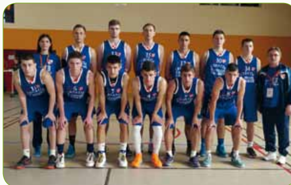
Košarkaši – deseti na svijetu
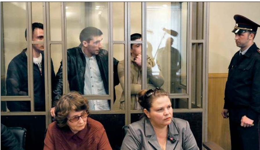
В Российской Федерации предусмотрена административная и уголовная ответственность за пропаганду идей терроризма, участие в деятельности террористических организаций.
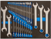
Llaves combinadas y llaves fijas en foam 3/3 (31 piezas) IFF1A006
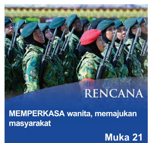
MEMPERKASAKAN wanita, memajukan masyarakat
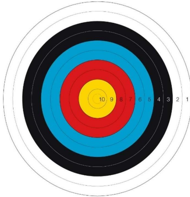
Single Face 122 cm 10 ring
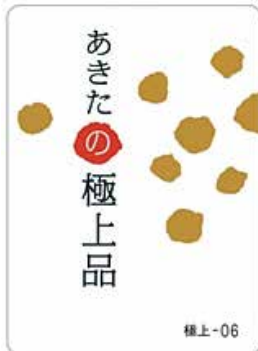
高齢級秋田スギに使用するロゴマーク

秋田県が取り組んでいる秋田発ジャパブランド育成支援事業の中に、高齢級秋田スギを「あきたの極上品」と位置づけ、国有林から生産される丸太で先行的に販売します。

Instructions for the task: Copy out, unchanged, the span of lines beginning with the one that includes "В Российской Федерации" and running through the final line of the material above. Leave the pictures out.

Exercise result:
В Российской Федерации предусмотрена административная и уголовная ответственность за пропаганду идей терроризма, участие в деятельности террористических организаций.
Llaves combinadas y llaves fijas en foam 3/3 (31 piezas) IFF1A006
MEMPERKASAKAN wanita, memajukan masyarakat
Single Face 122 cm 10 ring
高齢級秋田スギに使用するロゴマーク

秋田県が取り組んでいる秋田発ジャパブランド育成支援事業の中に、高齢級秋田スギを「あきたの極上品」と位置づけ、国有林から生産される丸太で先行的に販売します。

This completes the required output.